Tidy Format (tidy_format = TRUE):
When building cohort tables from multiple single-sample VCFs, use tidy_format = TRUE
to get one row per variant-sample combination with a SAMPLE_ID column. This format
is ideal for downstream analysis and MERGE/UPSERT operations on DuckLake tables.
Partitioning (partition_by):
When using partition_by, the output is a Hive-partitioned directory structure.
This is useful for large cohorts where you want efficient per-sample queries.
DuckDB auto-generates Bloom filters for VARCHAR columns like SAMPLE_ID.

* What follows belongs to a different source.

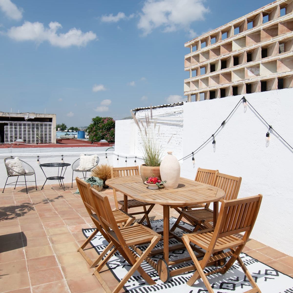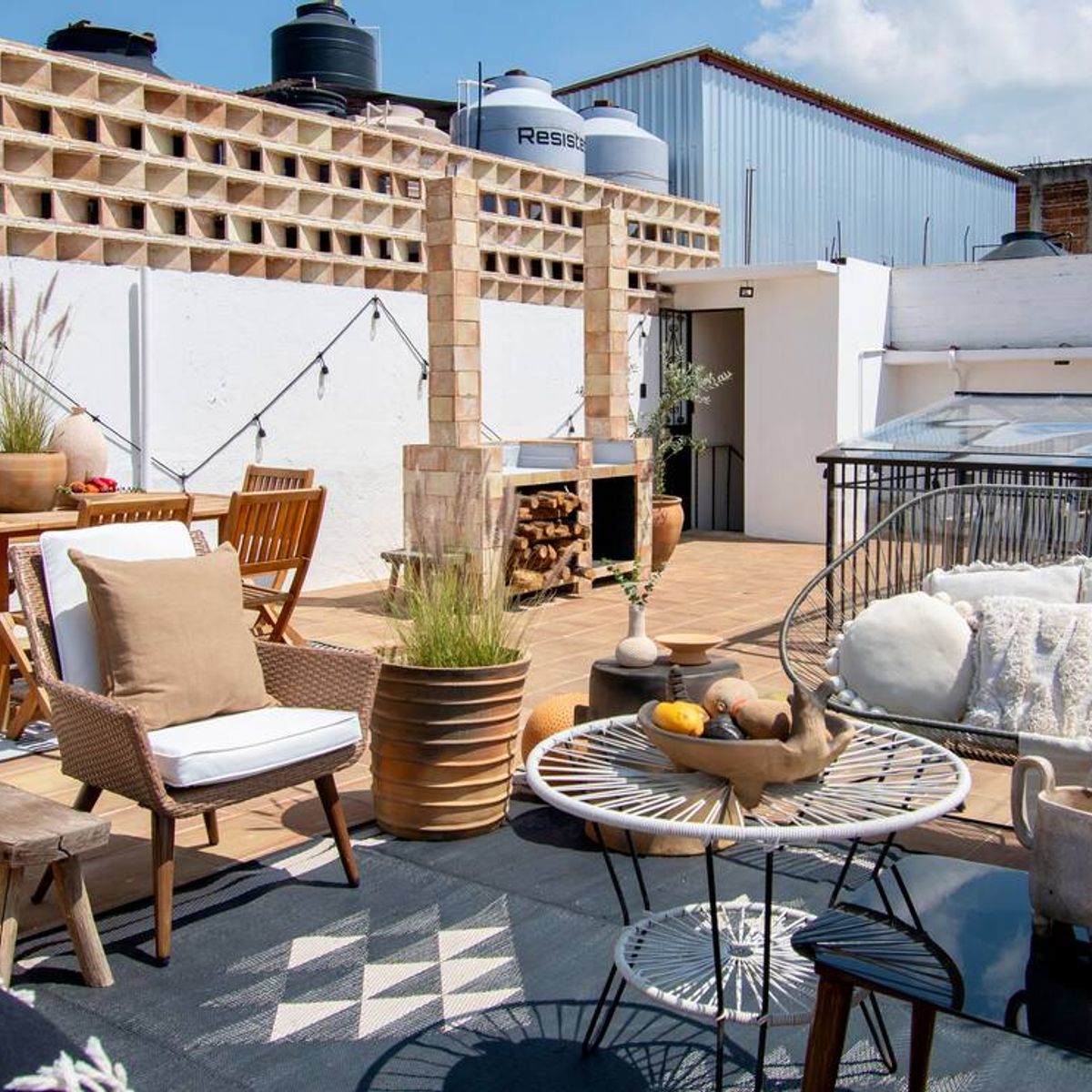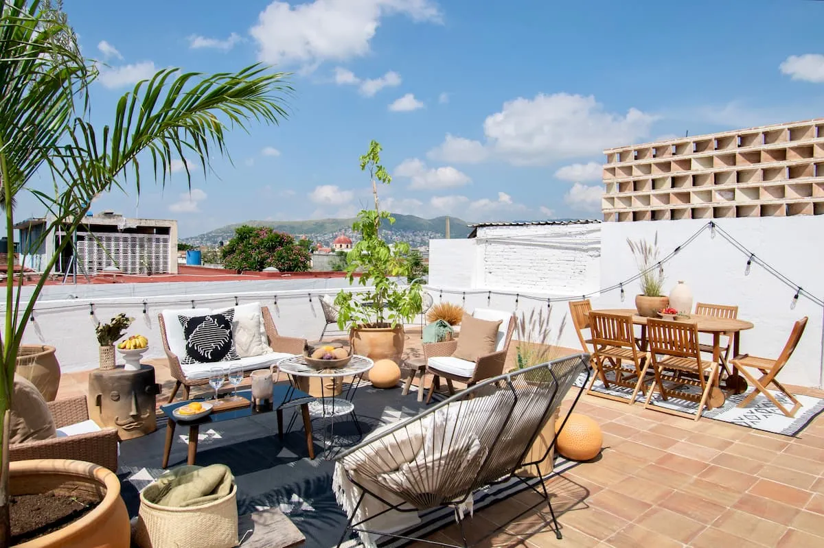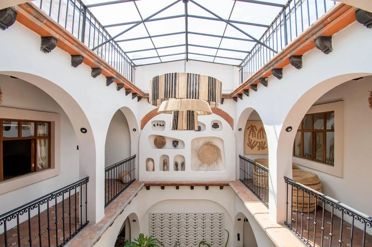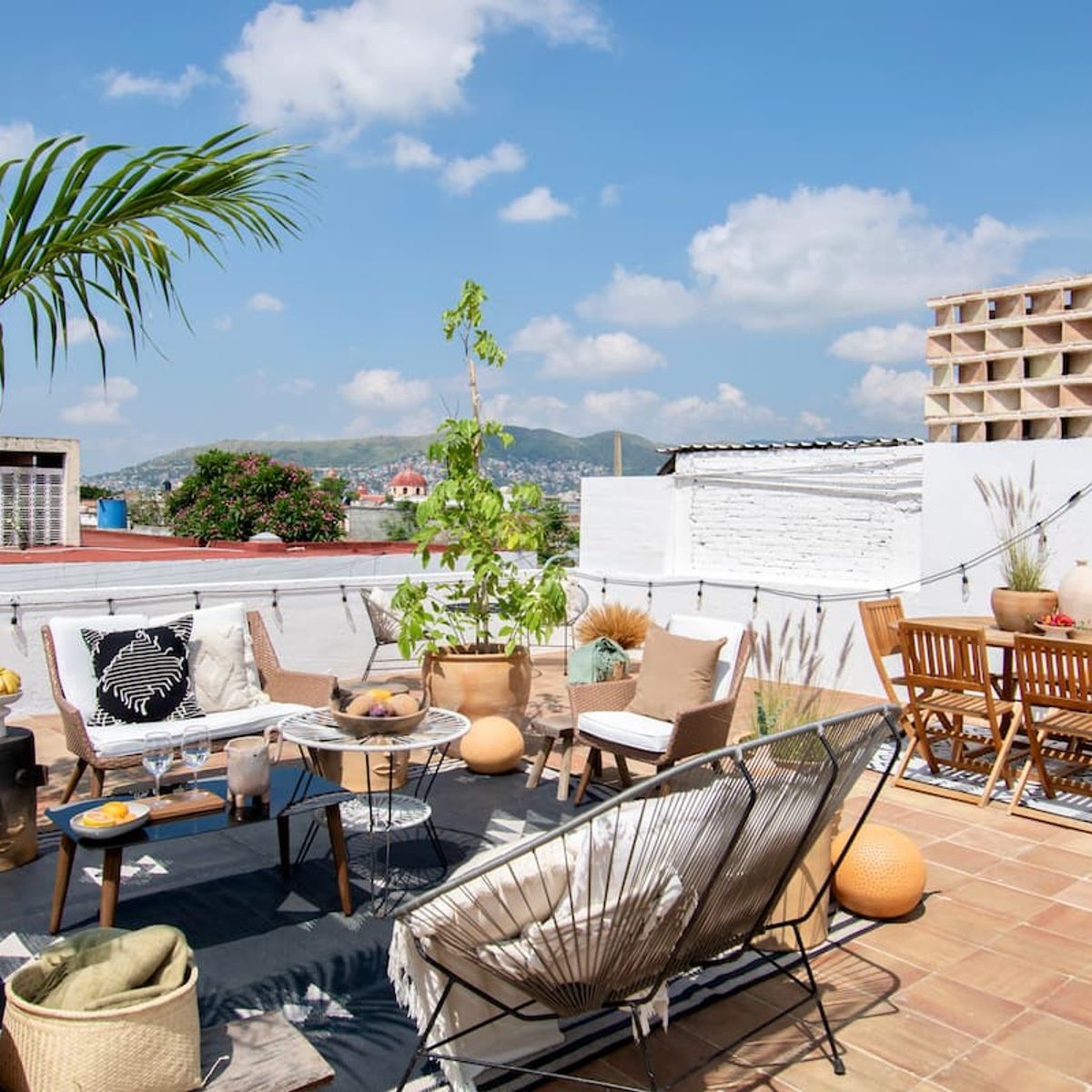Gather in the soaring central patio beneath four-story ceilings, enjoy rooftop evenings around the grill, or prepare meals in the artisanal kitchen built entirely from Oaxacan clay. Two bedrooms include balconies with street views, and all rooms are equipped with air conditioning and high-speed WiFi.

Note: For DuckLake, partitioned output requires manual file registration.
Examples
if (FALSE) { # \dontrun{
# Build extension
ext_path <- bcf_reader_build(tempdir())
# Setup DuckLake
con <- duckdb::dbConnect(duckdb::duckdb())
ducklake_load(con)
ducklake_attach(con, "catalog.ducklake", "/data/parquet/", alias = "lake")

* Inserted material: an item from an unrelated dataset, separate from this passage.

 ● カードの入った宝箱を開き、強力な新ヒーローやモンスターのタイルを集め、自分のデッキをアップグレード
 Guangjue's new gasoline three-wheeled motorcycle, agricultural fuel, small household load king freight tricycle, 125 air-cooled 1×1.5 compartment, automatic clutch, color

DBI::dbExecute(con, "USE lake")
# Load first VCF
ducklake_load_vcf(con, "variants", "sample1.vcf.gz", ext_path, threads = 8)
# Load second VCF with different annotations, evolving schema
ducklake_load_vcf(con, "variants", "sample2_vep.vcf.gz", ext_path,
allow_evolution = TRUE
)
# Load VCF in tidy format (one row per variant-sample)
ducklake_load_vcf(con, "variants_tidy", "cohort.vcf.gz", ext_path,
tidy_format = TRUE
)
# Query - all columns from both VCFs are available
DBI::dbGetQuery(con, "SELECT CHROM, COUNT(*) FROM variants GROUP BY CHROM")
} # }